山田(正)委員 そうすると、いわゆる固着域がはがれる前兆滑りの中間ぐらいではないかということなんですが、いわゆる前兆滑りが始まってマグニチュード八以上の地震が起こるまでの間、例えば何日間なのか、何カ月なのか、あるいは何時間なのか、その辺はいかがなんですか。
溝上参考人 前兆滑りを気象庁がとらえまして、そしていよいよ東海地震に向かうという時点から、大きな揺れを伴って断層が全面的に破壊して東海地震が来るという、その間の時間は、一つには前例、例えば東南海地震のときの測量結果を見ますと、当時の観測レベルは今よりもかなり低いものでありますが、約四十八時間程度の時間の差がございます。もちろん、当時はそれが前兆滑りとは思っておりませんから、何の手も打たなかったのですが、今であれば四十八時間というふうに見ることができます。同様なことが、南海地震の場合、一九四六年も、検潮儀であらわれ始めたのが大体四十八時間前、これは前例でございます。
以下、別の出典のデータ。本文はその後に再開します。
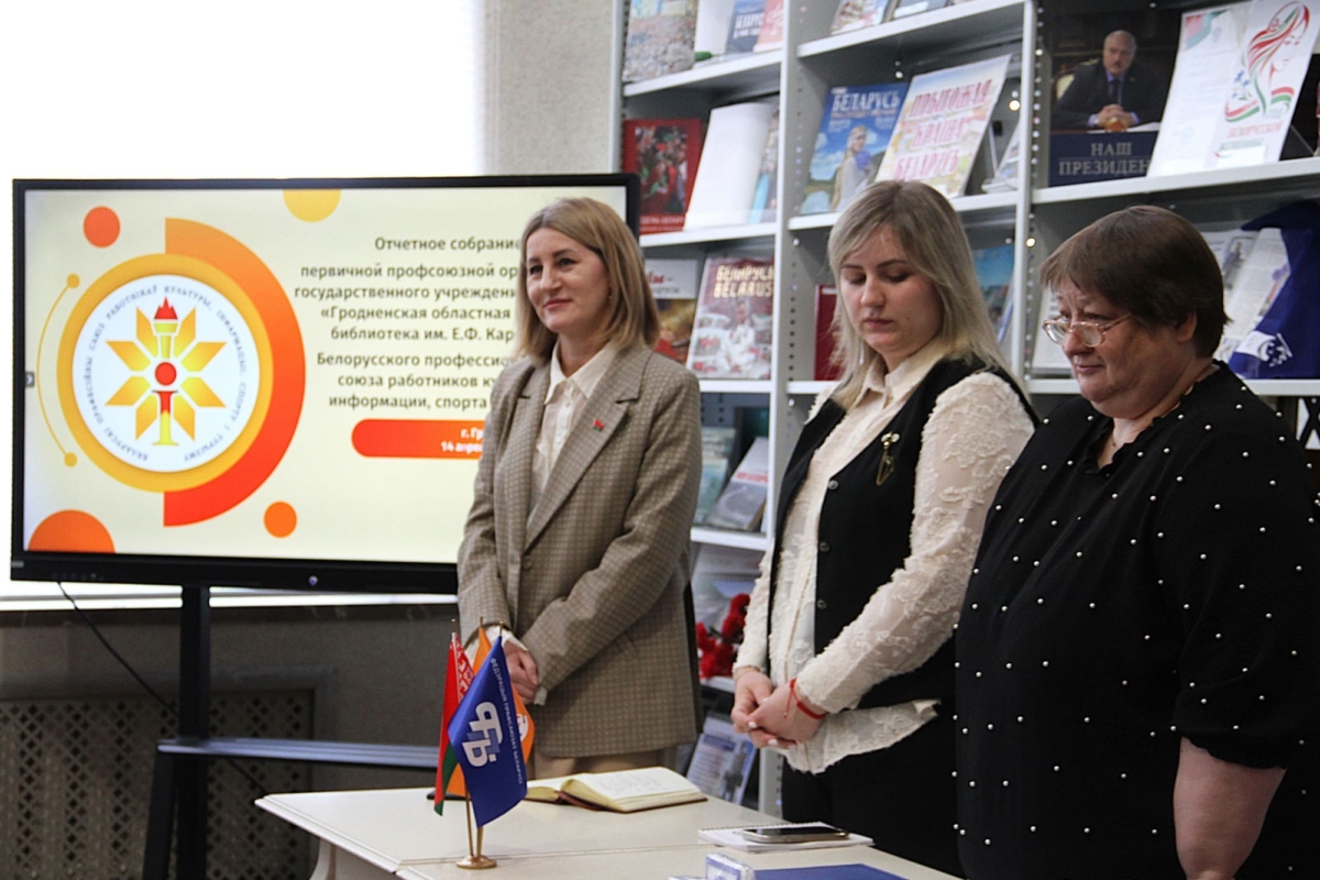 На профсоюзном отчётном собрании 14 апреля 2026 года были подведены итоги работы первичной профсоюзной организации ГУК «Гродненская областная научная библиотека имени Е.Ф. Карского» за 2025 год.

 それからもう一つ、いろいろなケースを考えるという意味で数値シミュレーションをやってみると、もっと時間が短い。ずっと足元まで来てから蛇がかま首をもたげるように、ぐっと異常が出てくる。その場合には、例えば四十八時間というような保証はないわけで、十二時間であったり、場合によっては数時間前であるかもしれない。
 これは自然現象の側でございますが、これをなるべく早くつかまえるためには、やはり観測網を充実すれば、その立ち上がりの非常に早い時点でつかまえるという人間サイドの技術的ないわゆる観測のレベルを上げれば、その分だけは間違いなく早まりますから、その努力を積み重ねてきて判定の招集の基準をぐっと一けた下げた、そういう判定の基準を最近設けております。それは、観測の能力を上げて、人間の努力で早目に持ってくる。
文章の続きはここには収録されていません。